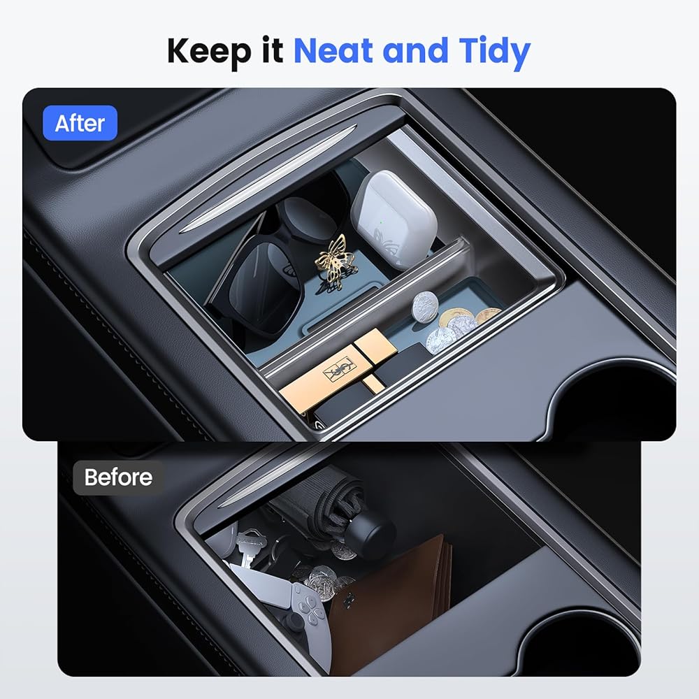 【𝗠𝗮𝘅𝗶𝗺𝗶𝘇𝗲 𝗬𝗼𝘂𝗿 𝗦𝗽𝗮𝗰𝗲 & 𝗣𝗿𝗶𝘃𝗮𝗰𝘆】تضيف صينية تنظيم وحدة التحكم Tesla هذه طبقة إضافية من مساحة التنظيم إلى جهاز Tesla الخاص بك، مما يضمن أن جميع احتياجاتك يتم تخزين العناصر بطريقة منظمة وتوفير تجربة تخزين مثالية. ولكن هذا ليس كل شيء - يوفر منظم وحدة التحكم المركزية Tesla Model Y أيضًا حماية الخصوصية لممتلكاتك. ما عليك سوى دفع منظم وحدة التحكم المركزية Tesla Model 3 للداخل، وسيتم إخفاء العناصر الخاصة بك تمامًا
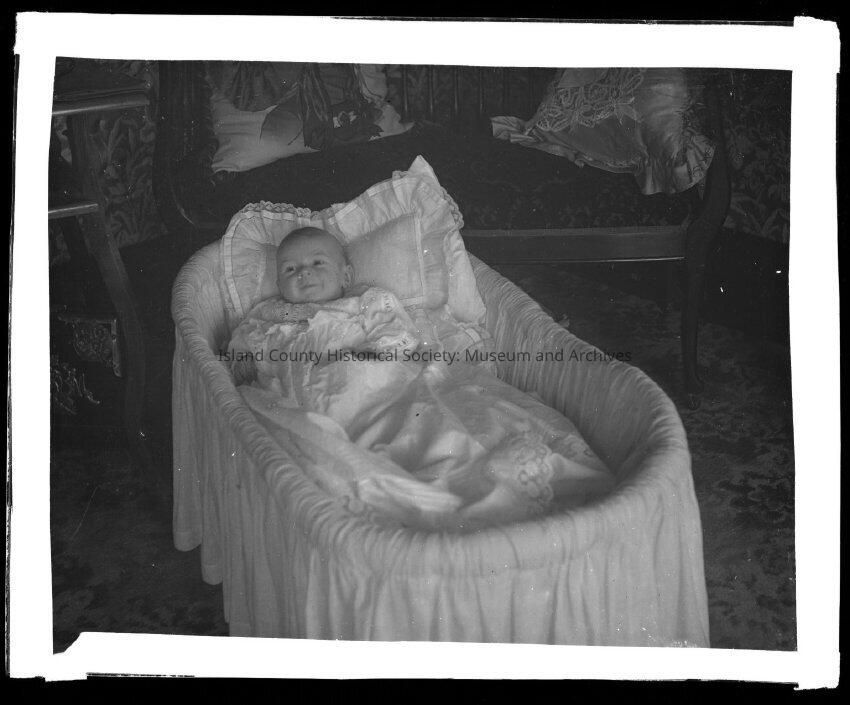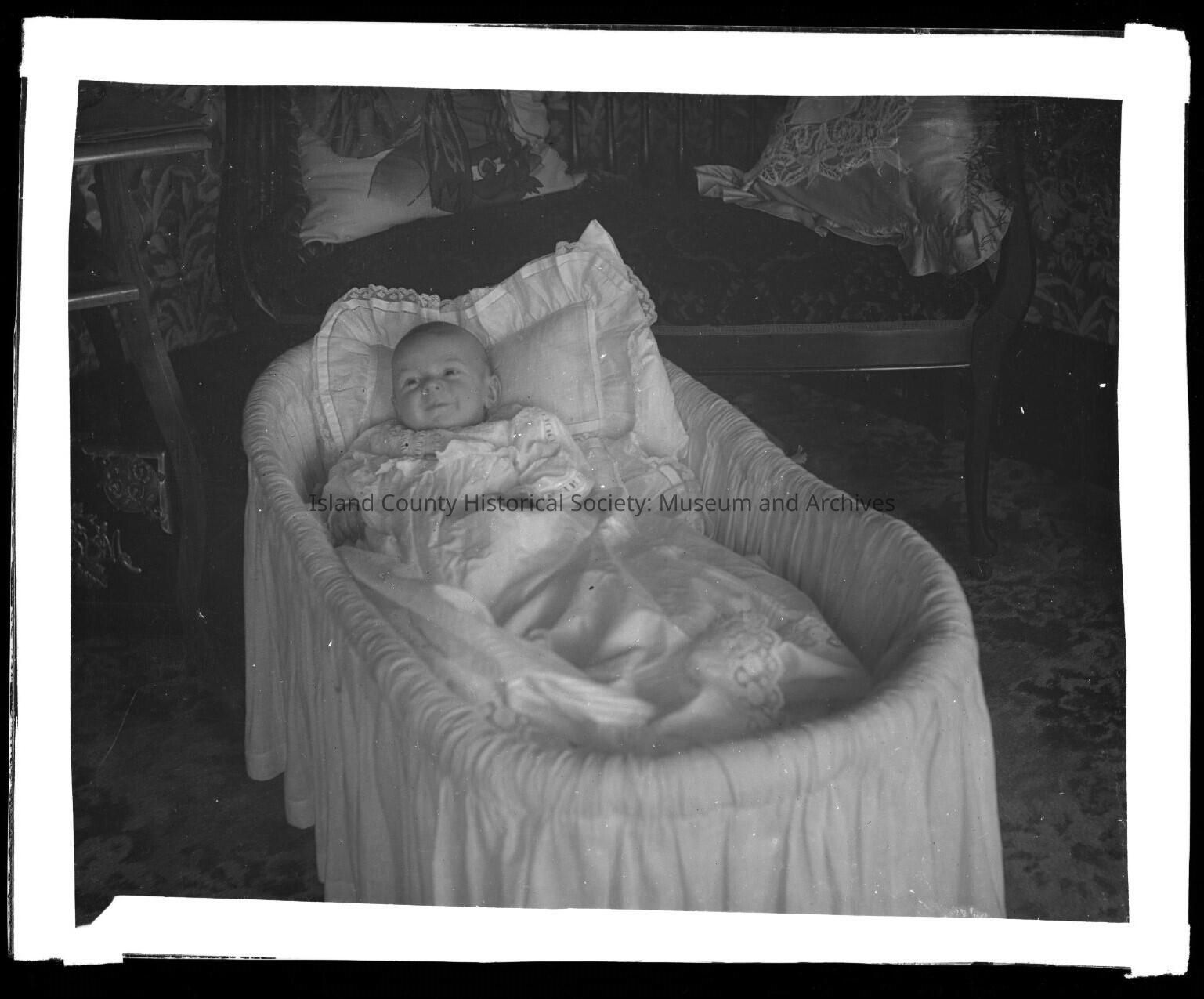 Photo of a child in a lacy dress in a crib with lacy blankets and pillow. Same as in 2015.004.068.Made/Created
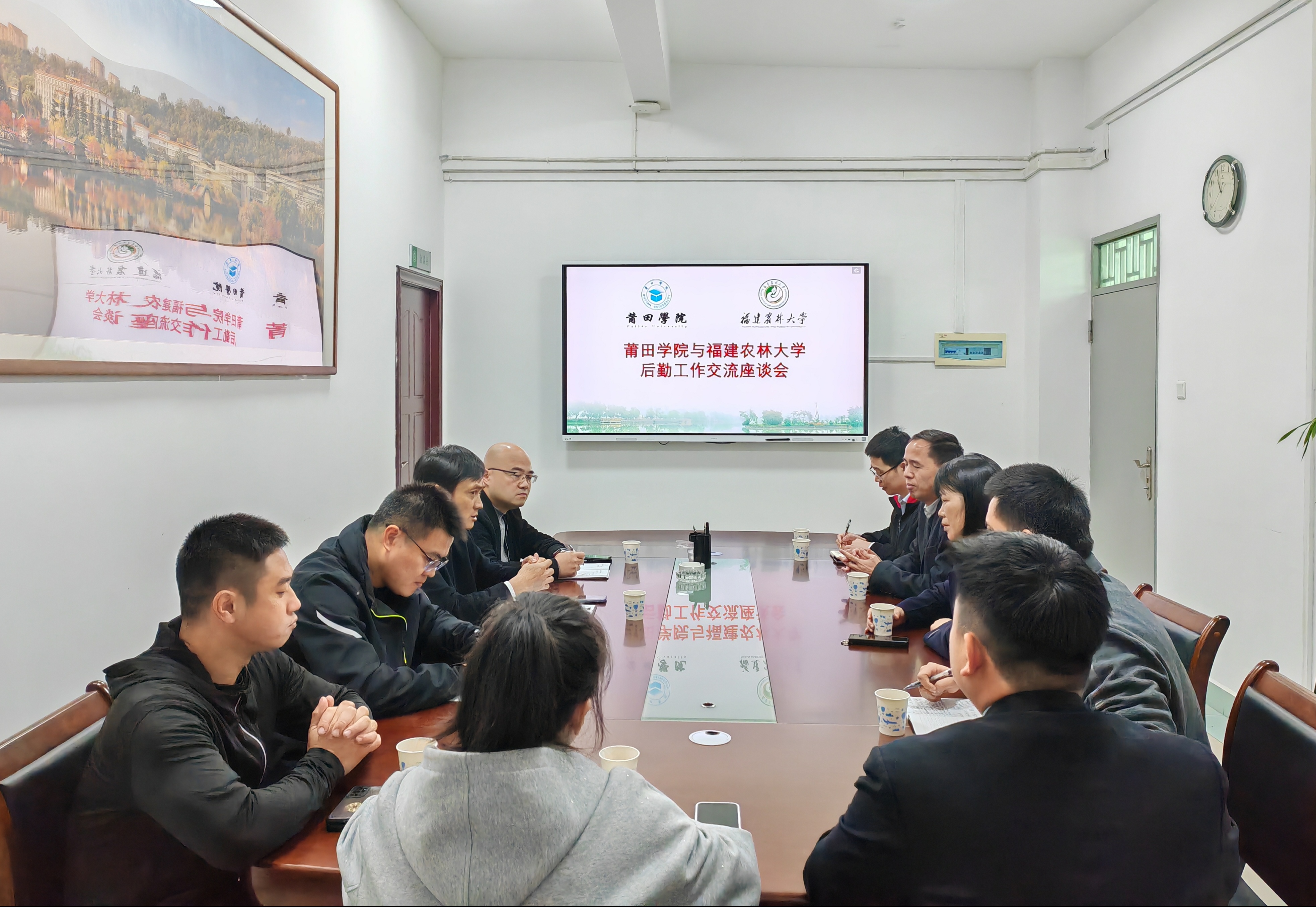 1月9日,莆田学院后勤处副处长朱晓莹一行到我校调研交流校园餐饮管理有关工作。后勤管理处处长刘胜、副处长刘键政及相关科室负责同志参加座谈交流。

◇ ◇ ◇ ◇ ◇ ◇ ◇

Write out the listing again word for word, but without its pictures.

 【𝗠𝗮𝘅𝗶𝗺𝗶𝘇𝗲 𝗬𝗼𝘂𝗿 𝗦𝗽𝗮𝗰𝗲 & 𝗣𝗿𝗶𝘃𝗮𝗰𝘆】تضيف صينية تنظيم وحدة التحكم Tesla هذه طبقة إضافية من مساحة التنظيم إلى جهاز Tesla الخاص بك، مما يضمن أن جميع احتياجاتك يتم تخزين العناصر بطريقة منظمة وتوفير تجربة تخزين مثالية. ولكن هذا ليس كل شيء - يوفر منظم وحدة التحكم المركزية Tesla Model Y أيضًا حماية الخصوصية لممتلكاتك. ما عليك سوى دفع منظم وحدة التحكم المركزية Tesla Model 3 للداخل، وسيتم إخفاء العناصر الخاصة بك تمامًا
 Photo of a child in a lacy dress in a crib with lacy blankets and pillow. Same as in 2015.004.068.Made/Created
 1月9日,莆田学院后勤处副处长朱晓莹一行到我校调研交流校园餐饮管理有关工作。后勤管理处处长刘胜、副处长刘键政及相关科室负责同志参加座谈交流。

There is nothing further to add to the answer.